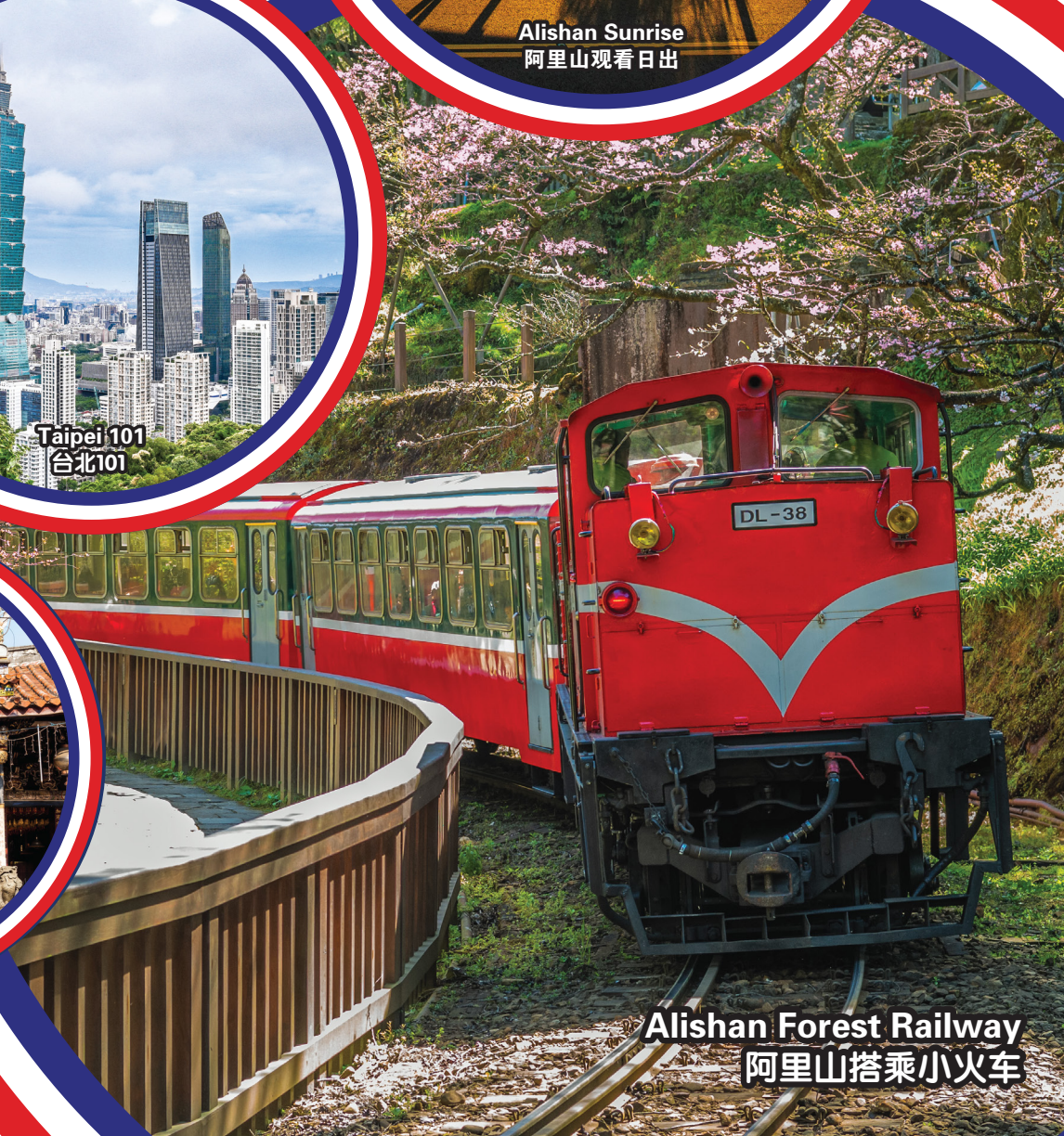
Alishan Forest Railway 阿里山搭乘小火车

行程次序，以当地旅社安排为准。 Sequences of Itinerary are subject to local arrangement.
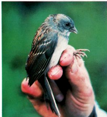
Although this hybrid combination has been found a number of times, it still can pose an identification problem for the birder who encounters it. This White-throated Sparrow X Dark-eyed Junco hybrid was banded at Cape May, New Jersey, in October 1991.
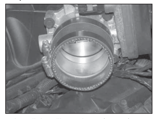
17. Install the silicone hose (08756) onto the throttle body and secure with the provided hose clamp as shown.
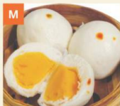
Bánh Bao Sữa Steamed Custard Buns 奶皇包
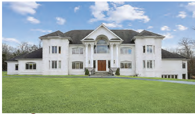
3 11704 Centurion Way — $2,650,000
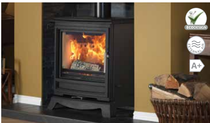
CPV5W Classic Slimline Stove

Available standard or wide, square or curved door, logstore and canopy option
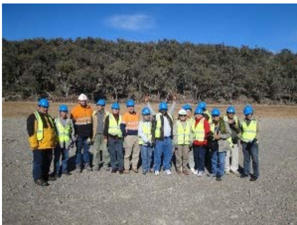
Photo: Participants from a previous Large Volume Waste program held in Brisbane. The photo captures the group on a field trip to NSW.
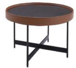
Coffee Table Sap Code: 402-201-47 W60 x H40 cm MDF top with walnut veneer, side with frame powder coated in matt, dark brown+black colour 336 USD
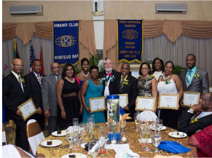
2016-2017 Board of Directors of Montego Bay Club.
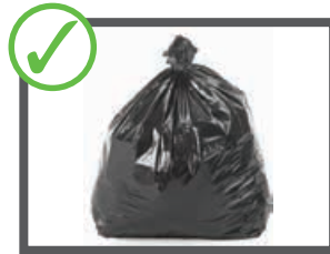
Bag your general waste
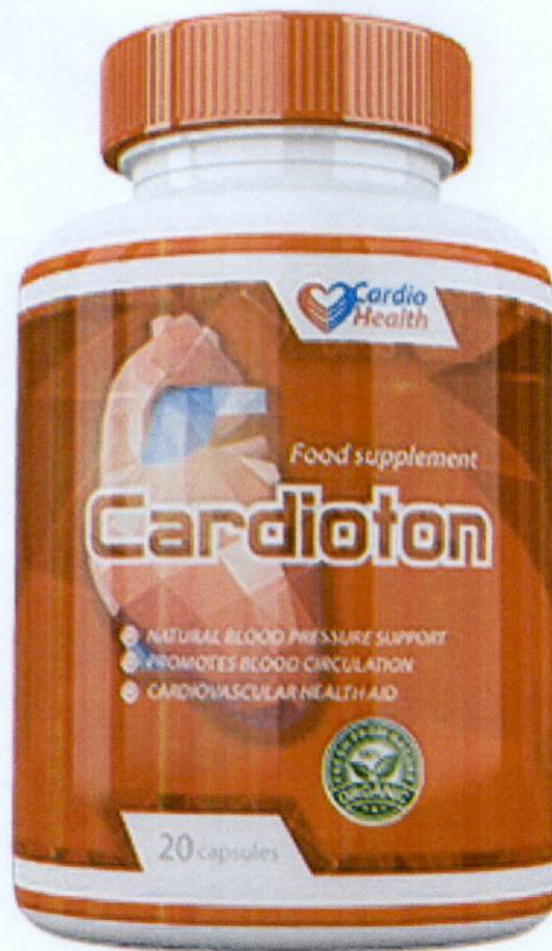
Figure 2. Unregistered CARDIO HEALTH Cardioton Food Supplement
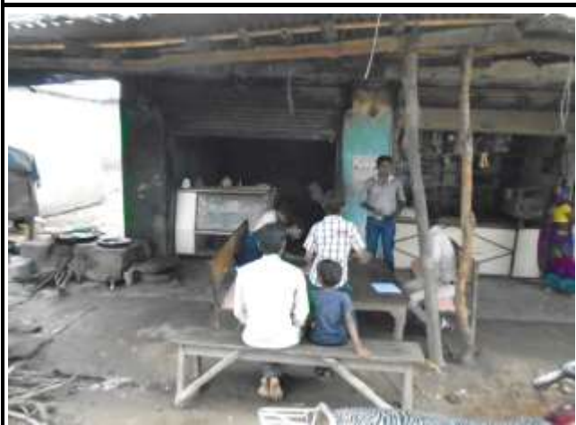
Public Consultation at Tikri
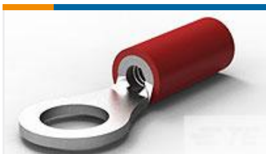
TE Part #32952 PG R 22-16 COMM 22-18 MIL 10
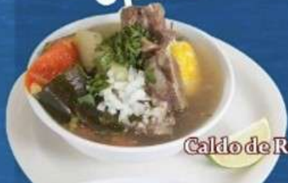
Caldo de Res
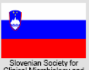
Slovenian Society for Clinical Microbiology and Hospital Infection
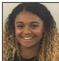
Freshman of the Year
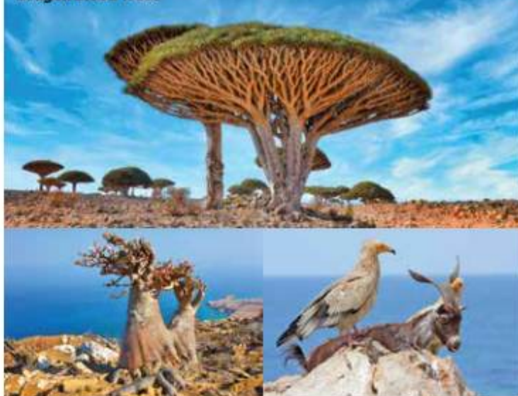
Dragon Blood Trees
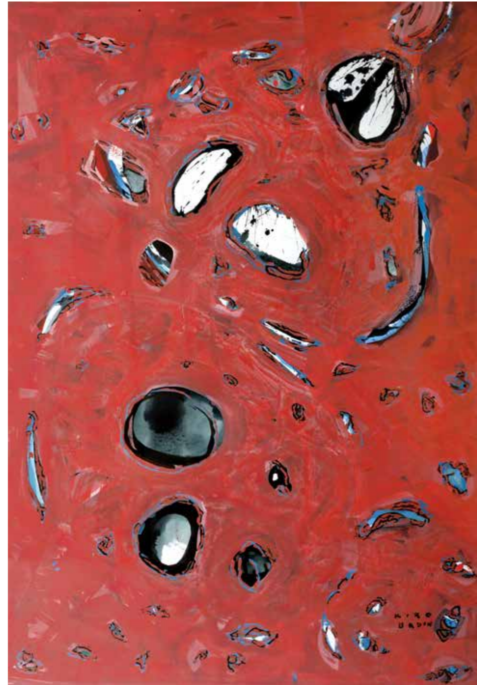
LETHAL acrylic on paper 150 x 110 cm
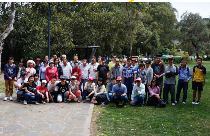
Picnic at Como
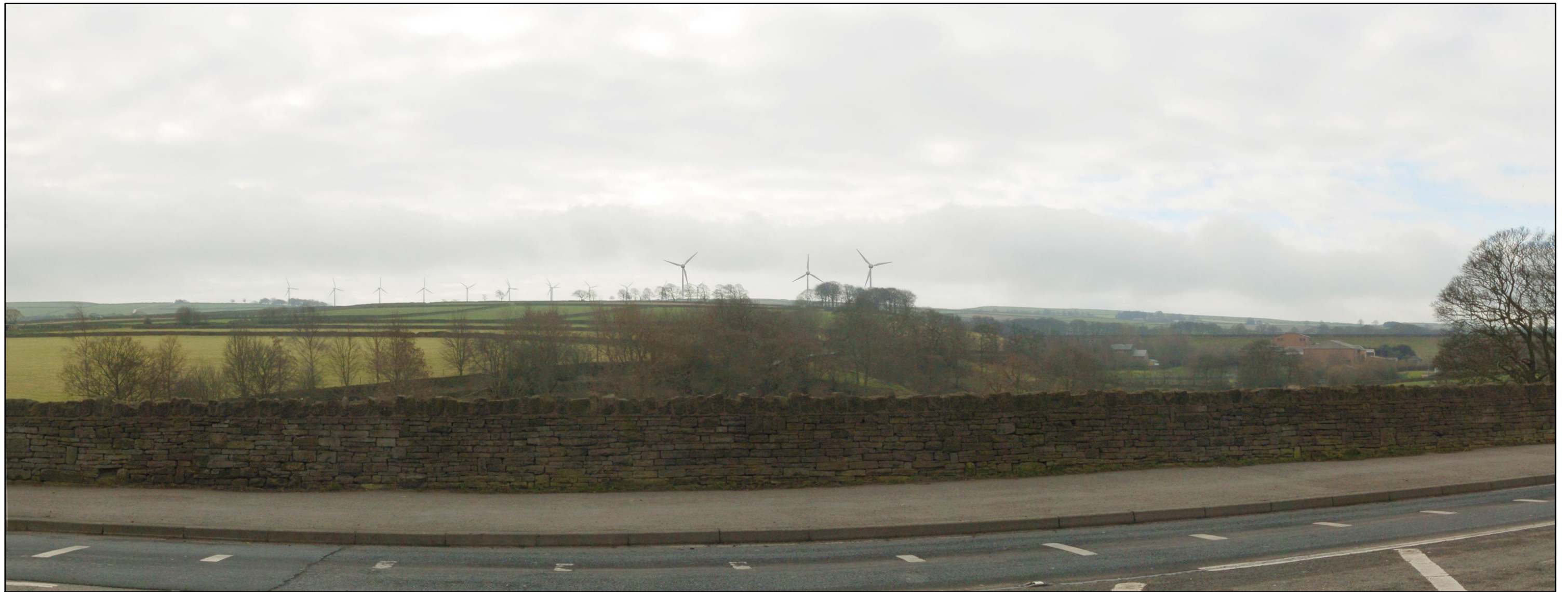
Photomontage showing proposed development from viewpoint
****************
YOUR OBJECTIVE: Print out the material verbatim, skipping pictures.

SOLUTION FOR THIS EXERCISE:
Alishan Forest Railway 阿里山搭乘小火车

行程次序，以当地旅社安排为准。 Sequences of Itinerary are subject to local arrangement.
Although this hybrid combination has been found a number of times, it still can pose an identification problem for the birder who encounters it. This White-throated Sparrow X Dark-eyed Junco hybrid was banded at Cape May, New Jersey, in October 1991.
17. Install the silicone hose (08756) onto the throttle body and secure with the provided hose clamp as shown.
Bánh Bao Sữa Steamed Custard Buns 奶皇包
3 11704 Centurion Way — $2,650,000
CPV5W Classic Slimline Stove

Available standard or wide, square or curved door, logstore and canopy option
Photo: Participants from a previous Large Volume Waste program held in Brisbane. The photo captures the group on a field trip to NSW.
Coffee Table Sap Code: 402-201-47 W60 x H40 cm MDF top with walnut veneer, side with frame powder coated in matt, dark brown+black colour 336 USD
2016-2017 Board of Directors of Montego Bay Club.
Bag your general waste
Figure 2. Unregistered CARDIO HEALTH Cardioton Food Supplement
Public Consultation at Tikri
TE Part #32952 PG R 22-16 COMM 22-18 MIL 10
Caldo de Res
Slovenian Society for Clinical Microbiology and Hospital Infection
Freshman of the Year
Dragon Blood Trees
LETHAL acrylic on paper 150 x 110 cm
Picnic at Como
Photomontage showing proposed development from viewpoint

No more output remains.